Judge agrees to pause order vacating national eviction moratorium as DOJ decides to appeal

Judge agrees to pause order vacating national eviction moratorium as DOJ decides to appeal

Published May 6, 2021 2:03am ET



A federal judge granted a temporary stay as the Justice Department moved to appeal her decision on Wednesday to vacate the Centers for Disease Control and Prevention’s national eviction moratorium.

D.C. District Court Judge Dabney Friedrich ordered the pause on Wednesday hours after ruling the CDC lacks the authority under federal law to authorize such a moratorium, which the Trump administration first imposed last September as a means of helping renters struggling financially because of the coronavirus pandemic. The Biden administration reauthorized the moratorium through June 30.

“The question for the Court is a narrow one: Does the Public Health Service Act grant the CDC the legal authority to impose a nationwide eviction moratorium? It does not,” Friedrich wrote in her 20-page opinion on Wednesday, after which the DOJ sought an emergency stay pending an appeal.

JUDGE OVERTURNS FEDERAL PANDEMIC EVICTION MORATORIUM

“The Department of Justice respectfully disagrees with today’s decision of the district court in Alabama Association of Realtors v.
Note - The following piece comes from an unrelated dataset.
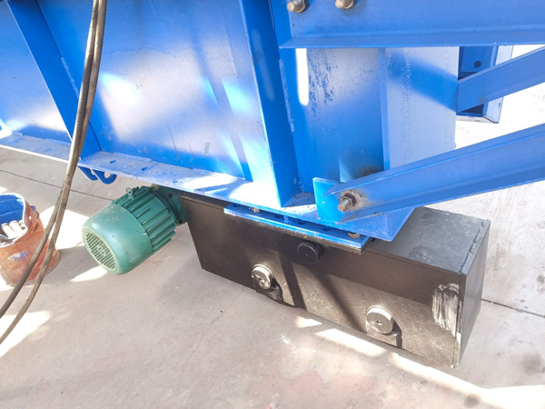 行走機(jī)構(gòu)上與門架底縱梁相連,電機(jī)功率為2×7.5KW,臺(tái)車運(yùn)行速度為8m/min。

HHS concluding that the moratorium exceeds CDC’s statutory authority to protect public health,” Brian Boynton, acting assistant attorney general for the Justice Department’s Civil Division, said in a statement following Friedrich’s ruling, announcing the department had already filed a notice of appeal. “In the department’s view, that decision conflicts with the text of the statute, Congress’s ratification of the moratorium, and the rulings of other courts.”

In agreeing to a pause, Friedrich also ordered that the plaintiffs file any opposition to the DOJ motion by May 12, after which the defendants have four days to respond.

Plaintiffs, led by the Alabama Association of Realtors, argued in their original complaint filed on Nov. 20 that the moratorium was beyond the CDC’s statutory authority and that the agency “unilaterally shifted billions of dollars in economic burdens from one group of Americans, renters, to another, landlords.”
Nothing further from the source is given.